Waitrose has announced that it will now sell its own-brand tea bags in certified home-compostable packaging in a move aimed at keeping 12.2 tonnes of material out of landfill and incineration.
Having been accredited with TUV OK compost HOME certification, the company’s Duchy tea bags can apparently be placed in home compost bins or heaps at end of life. They are thought to be a source of nitrogen, encouraging plant growth by enriching the soil in consumers’ gardens.
The tags attached to the tea bags have also been redesigned to cut down on the amount of ink used and encourage a more effective decomposition process.
It is hoped that the switch will save 4.5 million Waitrose Duchy tea bags from going to waste in its first year.

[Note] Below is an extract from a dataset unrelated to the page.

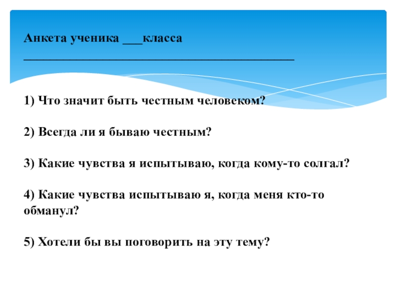 Анкета ученика ___класса _________________________________________   1) Что значит быть честным человеком?   2) Всегда ли я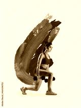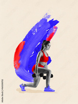Creative composition. Fit woman lunging with dumbbells over abstract red and blue brushstroke. Concept of home workout visuals, wellness coaching, fitness app UI, gym branding, strength training focus

Although the remaining stock of non-compostable tea bags will still be used to avoid further waste, all Duchy tea bags sold online or in-store will feature compostable accreditation.
“The reality is that our customers want to make whatever changes they can to ensure they’re shopping, eating and drinking more sustainably,” says Christina Capellaro, packaging development manager at Waitrose. “By securing accreditation for products such as our Duchy home compostable tea bags, we’re reassuring our customers that by making these little changes to their shopping habits, they can reduce their impact on the environment.”
Back in 2021, Parkside utilised bio-based paper and Futamura’s NatureFlexTM metallicised cellulose films in a compostable redesign for Bird & Blend’s loose tea bag portfolio.
On the other hand, Abel & Cole recently removed compostable plastics from the packaging of its Fruit & Veg Boxes range in response to UCL’s Big Compost Experiment – asserting that specific conditions are needed for decomposition to take place, and unless these are met, the packaging still contributes to plastic waste.